An overview of PepsiCo’s ESG objectives, as well as its latest progress report, illustrate the work to come. For example, PepsiCo aspires to help spread regenerative agriculture practices to over 7 million acres (a new goal starting in 2021); it is currently around 345,000 in the United States and Canada. Its water use efficiency has improved 18% from 2015, on its way to a 25% improvement by 2025, and PepsiCo has replenished more than 6 billion liters. So far, the company has reduced its absolute GHG emissions in Scopes 1 and 2 by 25% from a 2015 baseline, on track to its 75% reduction target by 2030 However, Scope 3 emissions across its value chain have grown 5% in most of the last reporting year, “largely due to unprecedented business growth.” The objective is to reduce these emissions by 40%.

When I asked Andrew about the Scope 3 metric, he highlighted a number of initiatives PepsiCo has taken to help its value chain adopt more sustainable business practices, including its program to help suppliers setting science-based targets and procuring renewable energy. “We’re looking to go as far down the supply chain as possible,” he said.

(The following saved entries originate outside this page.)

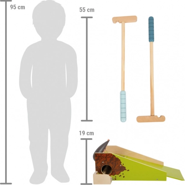 Odkryj urok minigolfa w dziecięcym wydaniu. Stabilny drewniany tor z zabawnym „kopcem kreta” i mechanizmem chwytającym reaguje na każdy celny putt – piłka przejeżdża przez tunel, a krecik wystawia główkę. Dzięki kompaktowym wymiarom gra jest idealna do pokoju dziecięcego, salonu i ogrodu.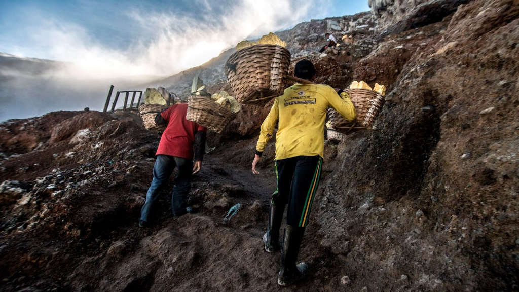 Ancak bu tehlikeye rağmen o bölgede yaşayan sülfür madencileri her gün risk alarak krater etrafında bulunan kükürtü toplayarak dik yamaçlarda taşımaktadırlar. Eridiğinde koyu kırmızı olan kükürt birikir ve soğumaya başlar. Bu esnada rengi sarıya döner. Madenciler ise soğuyan bu kükürt katmanını parçalayarak sepetlere doldururlar ve yola çıkarlar. Hadi gittikleri güzergahın uzunluğunu ve tehlikesini es geçelim, taşıdıkları sepetlerin ortalama ağırlığı 80kg. Yanlış duymadınız. Üstelik bunu günde 4 defa falan yapıyorlar ve karşılığı ise çok az bir ücret.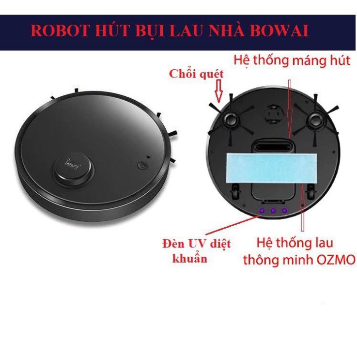 Giới thiệu ( BẢO HÀNH 3 THÁNG) Robot Hút Bụi Lau Nhà Thông Minh Bowai Tự động quét nhà + hút bụi + lau nhà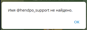 Связаться с техподдержкой можно через Telegram-канала @hendpo_support. При попытке найти это имя пользователя Телеграм выдает сообщение, что ничего не найдено.

Another example of how PepsiCo will invest in its supply chain comes from Europe, where the company recently identified six industrial climate tech startups to help with supply chain pilots over the next year. Companies include: Industrial impulse and Bren Powerwho sell technologies to help reduce steam losses in production; Ozo-Innovationsthat reduces thermal energy, water and chemicals associated with cleaning manufacturing plants; UBQ Materialswhich transforms organic and non-recyclable plastics into bio-based thermoplastics; Security issues, which tracks packaging waste using blockchain; and Elateqwhich eliminates pathogens and contaminants in the water.